Segment Start: DATA BELOW

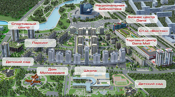 — Внешняя инфраструктура комплекса — школы, детские садики и поликлиники
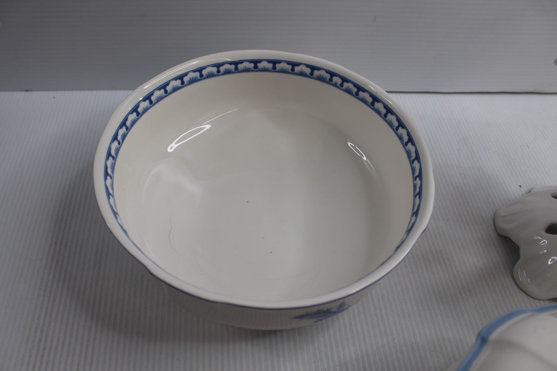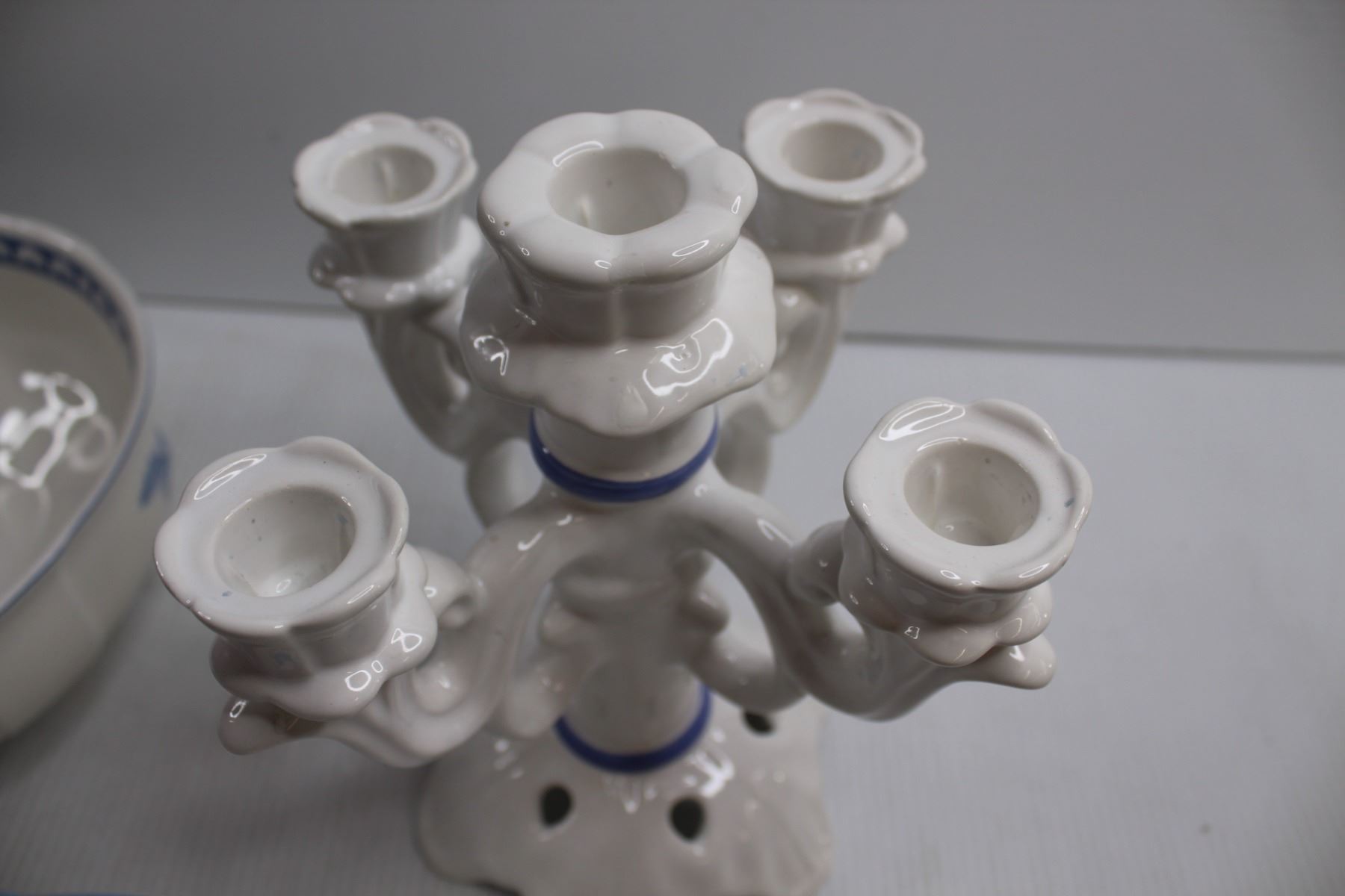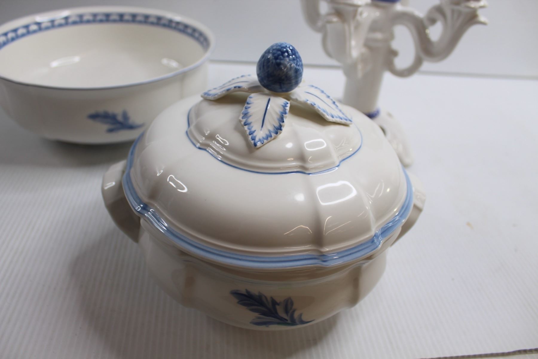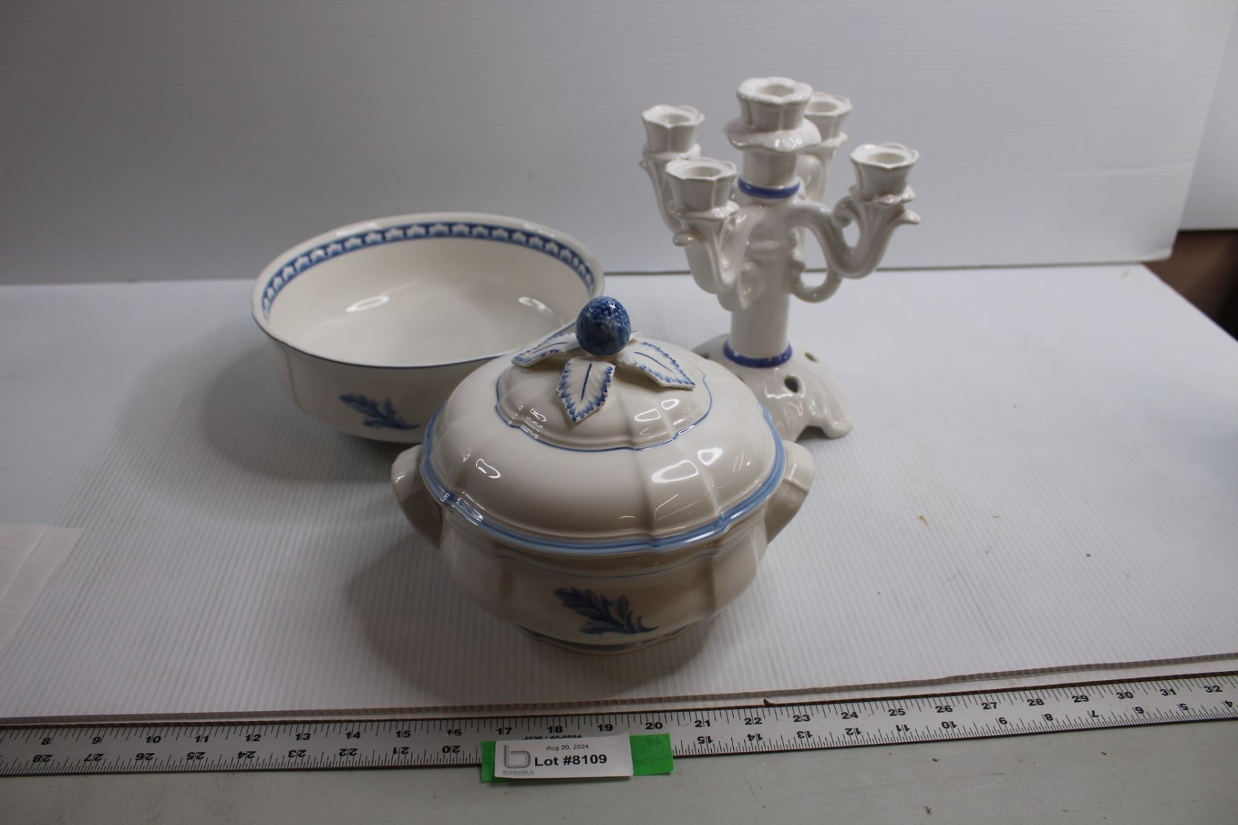 Villeroy & Boch Casa Azul Serving Dish, Covered Serving Dish (Small Chip on Inside Lid), and Candelabra
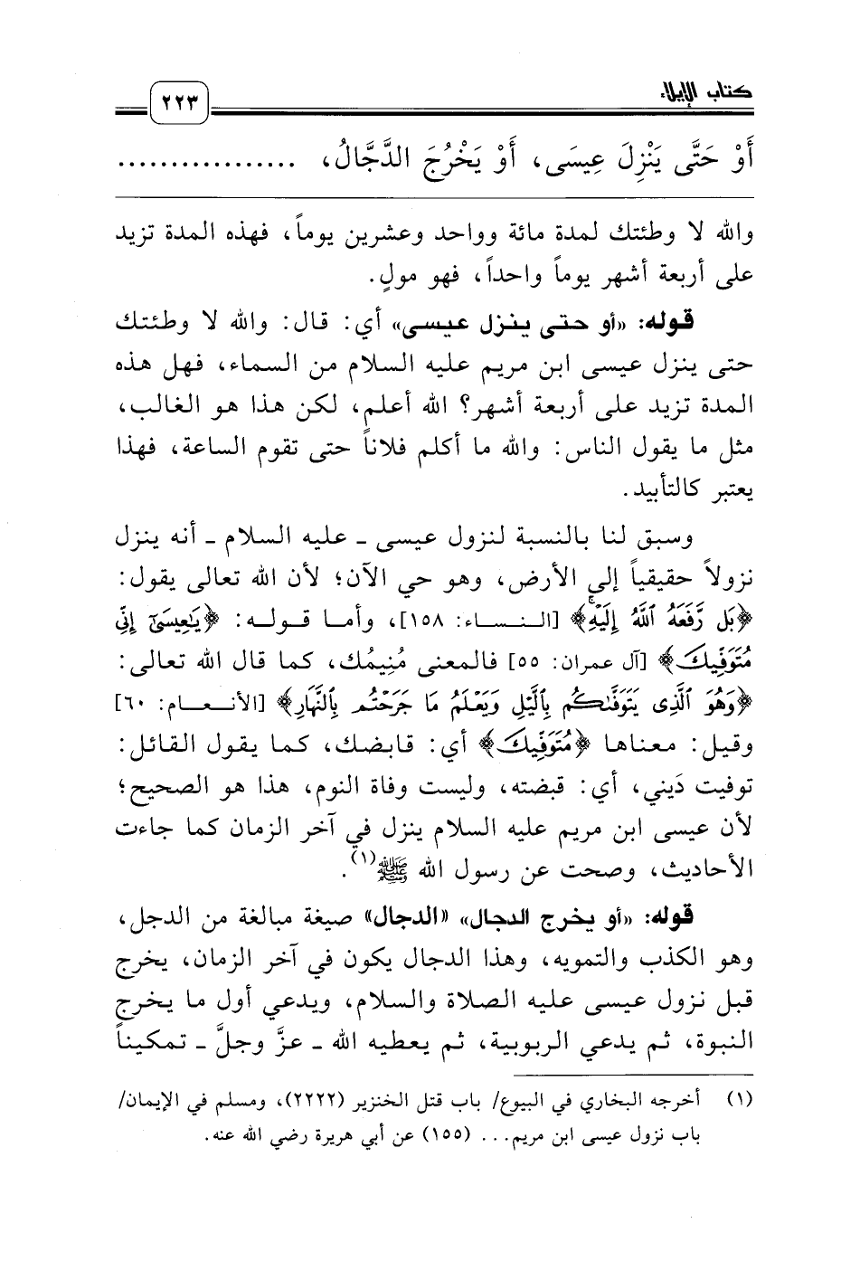 وسبق لنا بالنسبة لنزول عيسى ـ عليه السلام ـ أنه ينزل نزولاً حقيقياً إلى الأرض، وهو حي الآن؛ لأن الله تعالى يقول: {بَلْ رَفَعَهُ اللَّهُ إِلَيْهِ} [النساء: 158]، وأما قوله: {يَاعِيسَى إِنِّي مُتَوَفِّيكَ} [آل عمران: 55] فالمعنى مُنِيمُك، كما قال الله تعالى: {وَهُوَ الَّذِي يَتَوفَّاكُمْ بِاللَّيْلِ وَيَعْلَمُ مَا جَرَحْتُمْ بِالنَّهَارِ} [الأنعام: 60] وقيل: معناها {مُتَوَفِّيكَ} أي: قابضك، كما يقول القائل: توفيت دَيني، أي: قبضته، وليست وفاة النوم، هذا هو الصحيح؛ لأن عيسى ابن مريم عليه السلام ينزل في آخر الزمان كما جاءت الأحاديث، وصحت عن رسول الله صلّى الله عليه وسلّم (¬1).

Segment End: DATA BELOW

Extract the full listing exactly, with the pictures left out.

● **RESULT FOR THIS EXERCISE**
 — Внешняя инфраструктура комплекса — школы, детские садики и поликлиники
 Villeroy & Boch Casa Azul Serving Dish, Covered Serving Dish (Small Chip on Inside Lid), and Candelabra
 وسبق لنا بالنسبة لنزول عيسى ـ عليه السلام ـ أنه ينزل نزولاً حقيقياً إلى الأرض، وهو حي الآن؛ لأن الله تعالى يقول: {بَلْ رَفَعَهُ اللَّهُ إِلَيْهِ} [النساء: 158]، وأما قوله: {يَاعِيسَى إِنِّي مُتَوَفِّيكَ} [آل عمران: 55] فالمعنى مُنِيمُك، كما قال الله تعالى: {وَهُوَ الَّذِي يَتَوفَّاكُمْ بِاللَّيْلِ وَيَعْلَمُ مَا جَرَحْتُمْ بِالنَّهَارِ} [الأنعام: 60] وقيل: معناها {مُتَوَفِّيكَ} أي: قابضك، كما يقول القائل: توفيت دَيني، أي: قبضته، وليست وفاة النوم، هذا هو الصحيح؛ لأن عيسى ابن مريم عليه السلام ينزل في آخر الزمان كما جاءت الأحاديث، وصحت عن رسول الله صلّى الله عليه وسلّم (¬1).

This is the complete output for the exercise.